Thank you, for instance.

Did you enjoy the reading?

Oh, so you’re a poet, yourself?

Perhaps he might have complimented my coat: I had saved up three paychecks from the university library where I shelved books after class to buy it at Bergdorf Goodman. It was royal blue, the kind of coat that transcends language, that speaks loudly against the huddled masses of grey wool and black trenches, the endless ashtray of winter in New York. I thought he would say something nice.

Lovely coat.

Unusual color.

And I would blush and kind of lightly touch his shoulder, saying oh, Robert. Just Robert, because why shouldn’t we be on a first name basis? I’ve read all his poems—I know the man.

Maybe he would have asked me to take a walk with him, to smoke and talk. We might have discovered our loves were all the same: Virgil, chairs without arm rests, fuzzy ice on windowpanes. You know, I’d say, sensing the time was right, because timing is everything for poets, I happen to write poetry myself. I’d tell him I pour poems into cereal bowls, sneeze them into tissues, smear them on my cheeks each morning until they glow.   

But Frost’s mind would be elsewhere, his cigarette smoke drifting into my face and making my eyes water. My tears are poems, too, but I wouldn’t tell him this.

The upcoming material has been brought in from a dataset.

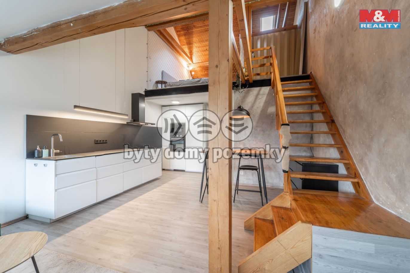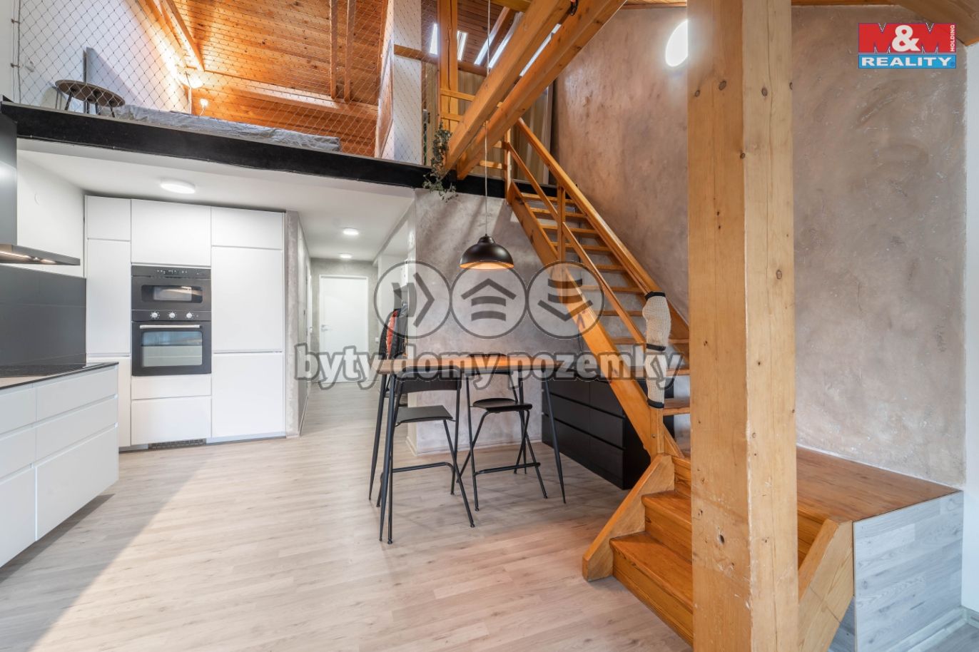 bytu 2+kk v podkroví s obytnou galerií, kde je ložnice a šatna o výměře 58 m².

Instead, I’d offer him a piece of fiction: The Yale Review is publishing some of my work.

And that’s when our eyes would meet—he would notice, if he hadn’t by then, how well my coat brought out their color, a fiery blue—and then he would cough, blame it on the cigarette, and ask me, Um (because even Robert Frost is susceptible to the occasional nervous stutter), would you like to come back up to my hotel room? Because why shouldn’t he invite an anonymous undergraduate in a city of six million people back up to his hotel room, especially one in a blue winter coat that matches her eyes? We would have gone back to his room and made love. It’s never fucking for him. Maybe it’s not even making love.

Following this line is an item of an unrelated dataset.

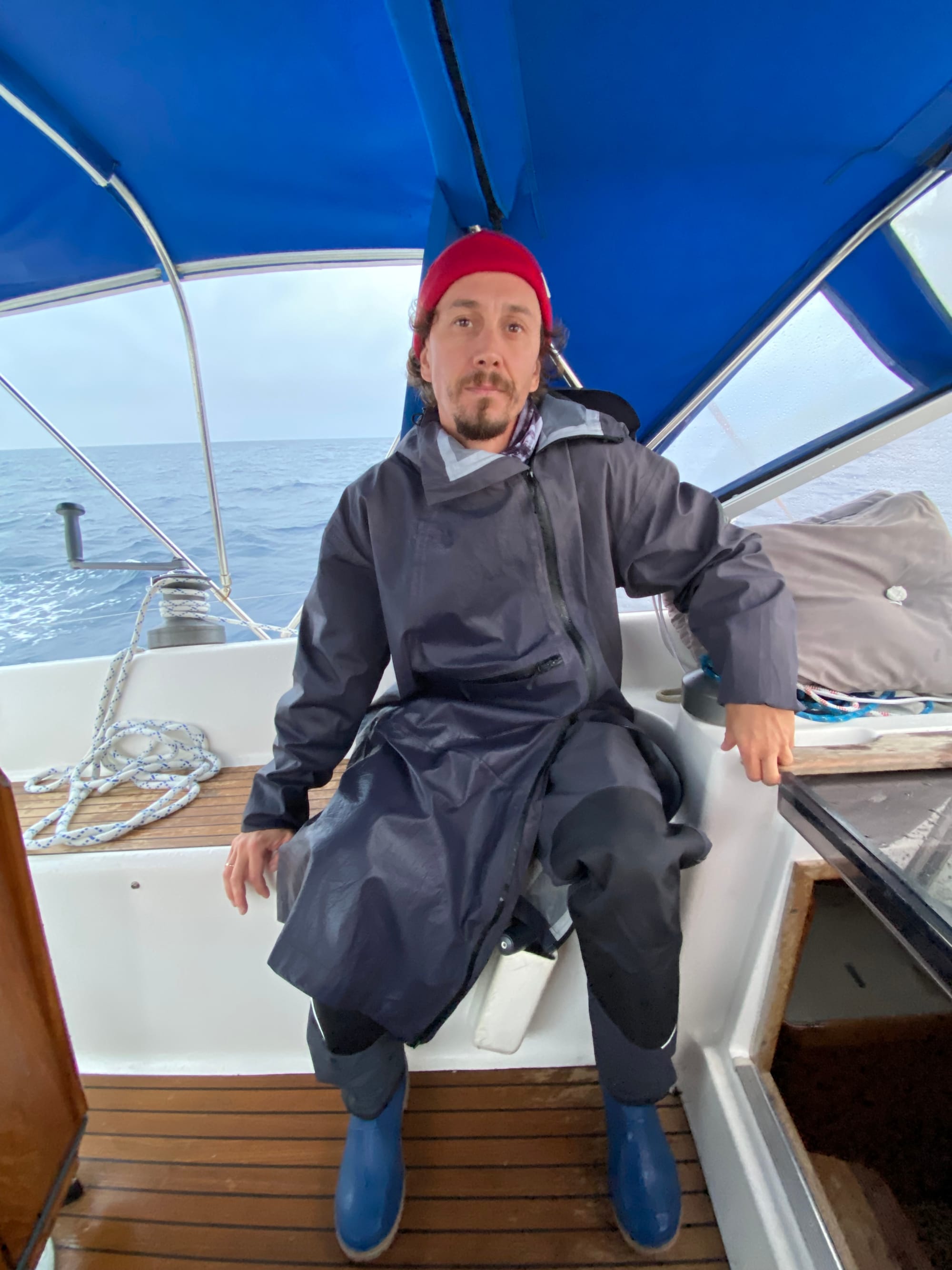 1530 штиль, работаю, сидим в кокпите и греемся на солнце. Обнаружили, что лодка недобровольно оказалась украшена к хеллоуину: за 4 дня стоянки какие-то паучки наплели паутинок на рангоуте и такелаже.

Maybe he has his own grandiose, poetic terms for the act: Making the beast with two backs.

Doing the service of Venus.

Letting our flesh become one.

This one makes my stomach roil, suggests to me that we’re rotting carcasses. What is this to you, I would say, a Baudelaire poem? This is witty, the kind of thing poets say when they argue. And he would ask—there’s that stutter again—what are you talking about? In the hollow darkness of the room, I’d notice those chapped lips again, how his fifty years (or is it fifty-one?) are beginning to show, how grey hairs line his ears, how he is just a man. And I would put my coat back on and tell him I have to go because I have places to be, sorry, Robert Frost. Hope you enjoyed the cigarette. I would leave him there, naked in a bed slept in by thousands of people, people shuffling in and out of this city of sirens and street lamps and girls reduced to one last flickering cigarette on lonely sidewalks, waiting for taxis so tired men can take them home.